Data Stewardship: A Recipe for Actionable Insights in SaaS

Friends, we are living in the age of practically limitless data. For SaaS companies hungry to grow (read: all SaaS companies), every operational undertaking can be boiled down to the insights at its core—something your company has learned about its customers (current or prospective) that allows you to target and serve them with extreme accuracy.

As fate would have it--and as you may already know--we are also living in a time where your customers demand an experience of the highest caliber; a red carpet, know them better than you know yourself kind of thing.  

So, with all the information at our fingertips, what’s the problem? More importantly, how can you fix it?  

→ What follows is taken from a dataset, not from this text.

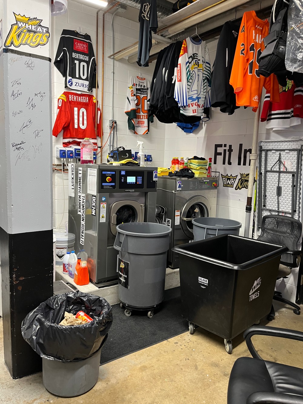 The laundry facilities can be found with equipment storage off the hallway heading to the north rinks, across from the wall of fame. The laundry used to be in the Exhibition Hall, which was a long hike, especially when you’re wheeling a giant container of aromatic hockey gear and towels.

First, the fact remains that companies often opt out of making the effort to own their data in the first place. For younger or smaller companies, perhaps the idea of gathering all this raw data seems daunting—or just not worth the time and trouble, as there’s never a guarantee that the work will pay off in a way that’s hugely satisfying in the moment. We can say from experience, though, that this is a mistake; we’ve seen firsthand how agonizing it is for a company to go back and fill in these blanks later, once they’ve completed rounds of funding or hit other big milestones. Just because the impact of successful data stewardship isn’t always readily apparent at the get-go, doesn’t mean it’s something to be brushed aside.  
It also turns out that data and actionable insights don't always have a smoke/fire relationship. In other words, just because there’s data, it doesn’t always mean that what follow are accurate insights. Your company can’t run—let alone thrive—on raw data; it’s the insights born from that data that will inform the decisions you make. One common enemy of that accuracy? Data silos. 
Cue ominous music. 
You can have all the information in the world, but if you're not sharing it freely and efficiently across your internal teams, it loses a lot of its power, not to mention the fact that it often causes unnecessary redundancies along your customers' journey. For example, your marketing team knows all there is to know about each of your customers and what they're consuming, but if they're not passing that data along to sales and customer success, your customers might be asked for the same information several times. I think we can all agree this is not the experience you want them to have. 
Owning and understanding data allows us to provide the kinds of content people want, content that converts faster, and this means more revenue. According to a study by Radius*, “companies with advanced data strategies are twice as likely to report more than 30% revenue growth.” It may sound like a subjective metric, but having an advanced data strategy can be as simple as utilizing multiple data sources and knowing what information is necessary to both build a general data strategy and help win conversions. 
If you’re wondering how to ensure the accuracy of your data, the first step is to realize that there’s no way to guarantee that it will be correct 100% of the time. This is just the nature of the beast. Instead, what you can do is strive to define which raw data is “good” by comparing it to information you know for sure about your customers. 
1. Take a subset of 10 customers with whom you have a good relationship.
2. Gather information through data survey questions. 
3. Compare your raw data to this new, verified information and determine % accuracy. 
If you haven’t built customer relationships yet, use information about your own company to complete this exercise. 
Of course, having this “good data” isn’t the only piece of the puzzle. Much of the impact of successful data stewardship comes from understanding that the power is in the story that data tells, and knowing what actions to take as a result. In order to create a culture of successful data ownership, everyone at your company must understand the importance of the data. This will mean less frustration from your sales reps, and a fully optimized marketing budget.